View attachment 14172


My sunday tulip!

View attachment 14173


And tonight I've been practising more layers, as my favourite latte art chap in Glasgow seems to excel at adding all these lovely white lines to his tulips and he makes it look so easy. I've found that aiming for this has improved my milk more in the last hour than probably all weekend (less air, less temperature, less everything!!!)

View attachment 14174


WHEW!!


----------



## robashton (May 9, 2015)

So that's the end of my 7 day obsession and I hope this encourages others to give it a go if you're like me and haven't bothered yet because all those folk make it look so easy.

All it takes is a little time, a cow and a steam boiler that keeps on giving!

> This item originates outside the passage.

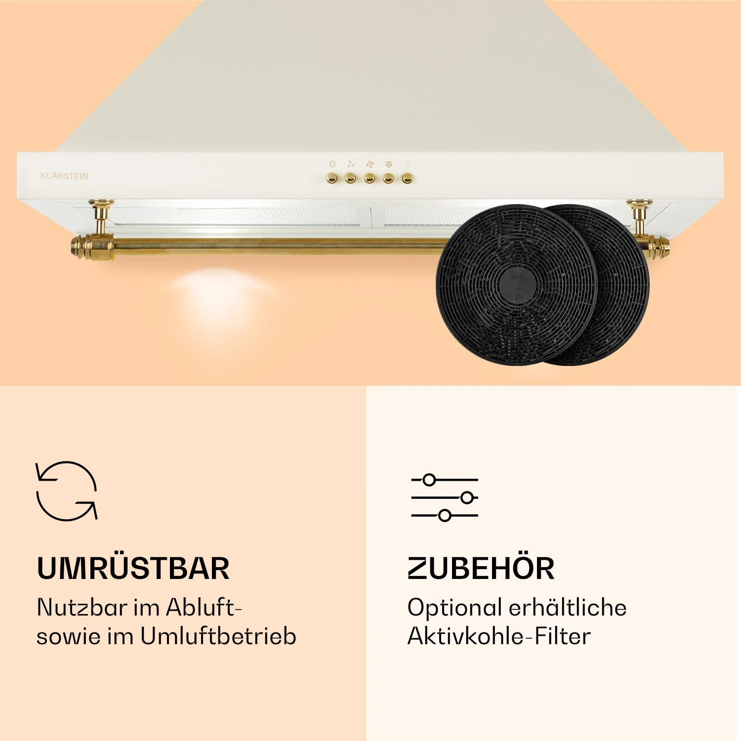 - Umrüstung auf Umluftbetrieb mit zwei Aktivkohle-Filtern möglich

I'm not going to jump into anything else just yet, it's time to practise those hearts and tulips until they're pouring consistently and then I'll get back on that rosetta. I need to practise my "wiggle" and I think I need to get a thermometer and check what temperature I'm getting that milk to (I suspect I'm probably about right by now having been both too cold and too hot over these 7 days).

Pouring into those duralex glasses is quite hard too compared to a proper 6oz rounded cup but I've been checking the depth of the foam every time I pour (and sticking my finger in to make sure that the temperature is "about right" and that the foam on top is indeed micro and smooth and delicious). They've been really handy during this process for sure.


----------



## DoubleShot (Apr 23, 2014)

TempTags or Frothometer might be worth considering rather than faffing around sticking a temperature probe or similar in your milk to check the temperature.

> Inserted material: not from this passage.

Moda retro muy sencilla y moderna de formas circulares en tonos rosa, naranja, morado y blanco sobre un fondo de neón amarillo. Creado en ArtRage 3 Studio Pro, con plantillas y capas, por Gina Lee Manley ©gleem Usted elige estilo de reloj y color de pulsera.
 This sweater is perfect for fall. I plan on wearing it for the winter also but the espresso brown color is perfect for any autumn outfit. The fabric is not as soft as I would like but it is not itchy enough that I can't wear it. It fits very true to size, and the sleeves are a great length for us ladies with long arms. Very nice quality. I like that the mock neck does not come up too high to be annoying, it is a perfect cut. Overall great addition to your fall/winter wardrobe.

With one hand underneath the milk jug, palm facing up, touch the bottom with all of your fingers whilst steaming then lower them so they are no longer touching the base. Do this every few seconds. When it feels too hot to touch, count three more seconds then stop steaming. This 'should' be around 65c. A quick glance at a TempTag of similar in the early stages will confirm if you're in the ballpark.

Hope that's of some help?


----------



## robashton (May 9, 2015)

DoubleShot said:


> TempTags or Frothometer might be worth considering rather than faffing around sticking a temperature probe or similar in your milk to check the temperature.
> 
> With one hand underneath the milk jug, palm facing up, touch the bottom with all of your fingers whilst steaming then lower them so they are no longer touching the base. Do this every few seconds. When it feels too hot to touch, count three more seconds then stop steaming. This 'should' be around 65c. A quick glance at a TempTag of similar in the early stages will confirm if you're in the ballpark.
> 
> Hope that's of some help?


I already do it all with my hands and touch temp, but that's highly subjective! If I wait for it to be too hot to hold then the milk is too hot to use (it takes on that horrible smell that milk does). Context: I'm a climber and hands are calloused to hell!

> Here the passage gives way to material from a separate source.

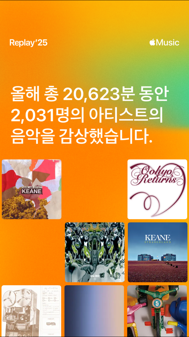 Apple Music 2025년 음악 결산 2025.12.15 17:30 Works/Music 반응형 올해도 어김없이 찾아온 애플뮤직 음악 결산. 나도 모르는 아티스트들이 많다. 플리 위주로 듣기 때문. 하우스 음악 플리들을 계속 반복재생하다 보니 ㅎㅎ... 그나마 국카스텐 신보가 유일한 예외라면 예외. 총체적으로, 2023년의 그 모습으로 돌아왔다고 한다. 일렉트로닉 음악 많이 찾아듣던 그 모습.. 이젠 플리마저 50기가 돌파 총 노래는 55기가 돌파 이제 네이버 VIBE MP3 다운도 막혔는데 하우스음악들 MP3 어디서 받아야하나...? 공유하기 게시글 관리 Echte Liebe 저작자표시 비영리 변경금지 (새창열림) 'Works > Music' 카테고리의 다른 글 <Youtubes> 요 최근 2~3년간 팍 꽂혔던 국내 아티스트들. (2) 2025.12.27 두고두고 아쉽다. (0) 2025.12.27 <Youtube> 소녀시대 - 다시 만난 세계 (0) 2025.12.03 <Youtube> 신해철 - 민물장어의 꿈 (0) 2025.10.27 <Album> 국카스텐 - Aurum (2) 2025.09.28 댓글 공유하기 다른 글 댓글 이 글 공유하기 구독하기 구독하기 카카오톡 카카오톡 라인 라인 트위터 트위터 Facebook Facebook 카카오스토리 카카오스토리 밴드 밴드 네이버 블로그 네이버 블로그 Pocket Pocket Evernote Evernote 다른 글 <Youtubes> 요 최근 2~3년간 팍 꽂혔던 국내 아티스트들. <Youtubes> 요 최근 2~3년간 팍 꽂혔던 국내 아티스트들. 2025.12.27 두고두고 아쉽다. 두고두고 아쉽다. 2025.12.27 <Youtube> 소녀시대 - 다시 만난 세계 <Youtube> 소녀시대 - 다시 만난 세계 2025.12.03 <Youtube> 신해철 - 민물장어의 꿈 <Youtube> 신해철 - 민물장어의 꿈 2025.10.27 다른 글 더 둘러보기

I reckon I've got it cracked - I don't want to go down temp tag route because you don't get that sort of thing at smack-downs - I only want the thermometer to validate my gut feeling that "I've got this cracked! I'm not going to be using it more than a few times =)


----------



## robashton (May 9, 2015)

(I say that knowing full well that at the latte art smackdown you don't get to use your own jug or cup and the steam wand will be crazy different as well but every little thing you can do without tooling helps!


----------



## krabster (May 29, 2013)

Great progress made there! Wish I could dedicate as much time to it as you did! Almost want to quite my current job and go back to being a barista to practice as before


----------



## frustin (Feb 10, 2013)

that's also a lot of beans, where are you buying them from? are the cheap as hell?


----------



## coffeefanatic (Jun 3, 2015)

I love the progression here, so i don't mind saying that your first one was pretty bad, but the others were great.


----------



## robashton (May 9, 2015)

frustin said:


> that's also a lot of beans, where are you buying them from? are the cheap as hell?


A combination of Tesco No 3 until I couldn't deal with the smell any more and then I made an arrangement to get beans wholesale locally, so yes - cheap


----------



## hotmetal (Oct 31, 2013)

Great post. I bet you'll sleep well tonight. Unless you drank them all. ..


----------